My single largest 'like', I think, was more "relief" than like: the storyline and the start of the movie had me wondering if these was going to be an unsubtle morality tale depicting the, gasp, horrors of pornography and pornographers. That's not a good thing, because I like both my heroes and my villains, even pornographers, to be a whole lot more rounded than that.
By the end, though, this was clearly a depiction of one family's response to an evolving situation, and it's pretty clear than there's not a lot of ground higher than the rest. Almost every character is depicted as conflicted or ambiguous in some way. Mr. Dagenais reacts viscerally to the prospect of his daughter having exhibitionistic sex, notwithstanding that he finds out about this while surfing porn sites while his wife waits in bed for him. The porn producer has a business to run, but in the end, gives Nathalie the opportunity to opt out...which she declines. Nathalie is going wild in Montreal, but we also see her writing an exam the morning of her shoot. She also clearly smiles at herself, looking into a mirror while having sex. Angelique criticizes Nathalie for contemplating doing a web porn shoot, but is a druggie stripper.

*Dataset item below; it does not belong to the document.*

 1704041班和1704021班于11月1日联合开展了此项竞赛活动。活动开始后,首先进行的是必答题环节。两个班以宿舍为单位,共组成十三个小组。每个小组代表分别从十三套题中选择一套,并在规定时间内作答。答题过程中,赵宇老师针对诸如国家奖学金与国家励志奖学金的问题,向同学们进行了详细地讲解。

So, then, I'd argue that the themes are 'over-reaction' and dichotomy, and the resulting risks and conflicts.
The story was interesting enough, and I thought the performances were, on the whole, quite good.

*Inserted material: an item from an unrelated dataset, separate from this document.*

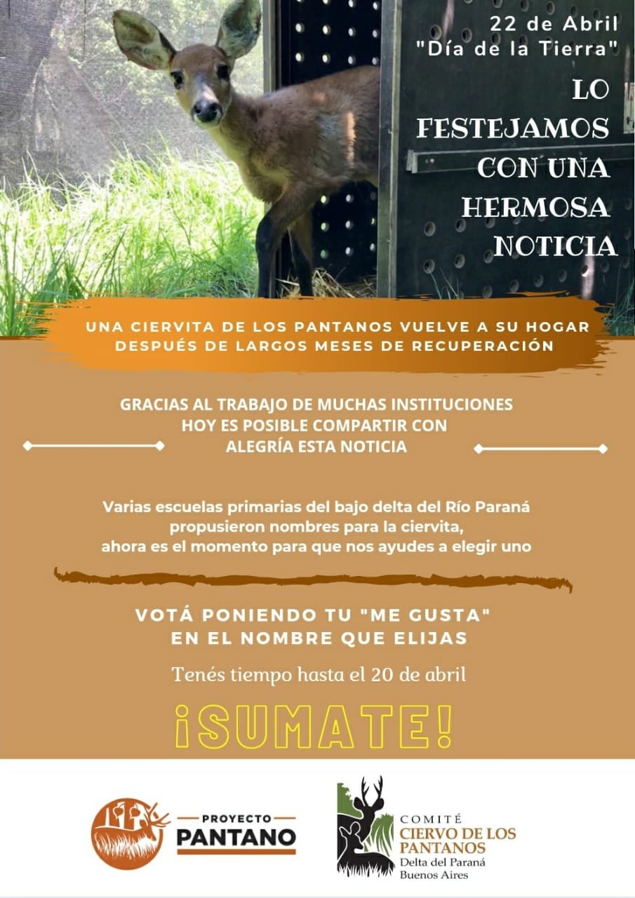 Una ciervita rescatada por el Comité Científico Técnico Ciervo de los Pantanos regresa a la isla luego de un largo período de recuperación. Hay cinco opciones propuestas por estudiantes de escuelas del Delta del Paraná. Para participar es necesario poner ME GUSTA en la foto que contiene el nombre elegido de la publicación

The things I didn't like, and there were a few: - the non-linear story track didn't seem to be that effective or well-handled to me... - some of the dialog, and some of the acting, seemed a trifle clichéd and overwrought; some of that may have been 'lost in translation while on the way to the subtitles' effect, but I'm not sure... - I found the 'as subtle as a 2-by-4' observations about the decline of the church to be ineffectively heavy-handed.
One plot aspect that got in the way of my enjoyment is the concept of the enforceability of Nathalie's contract to 'perform'... I am definitely not an expert, but I don't think that any contract for sexual services is enforceable--and if the issue were 'pressed', I'm confident that criminal law regarding assault and sexual assault would trump the civil contract. And if Nathalie did break the civil contract, the pornographer's recourse would be limited to the losses incurred, which he would have to prove. So, I thought this was an extraneous plot element that really didn't add anything beyond table thumping opportunities.
My last comment, in passing: the keywords for this movie include anal sex and painful sex. While I can see where one might have inferred same should one be inclined to rush to that inference, I'd argue that the scenes are much too brief, much too ambiguous to conclude that either occurred.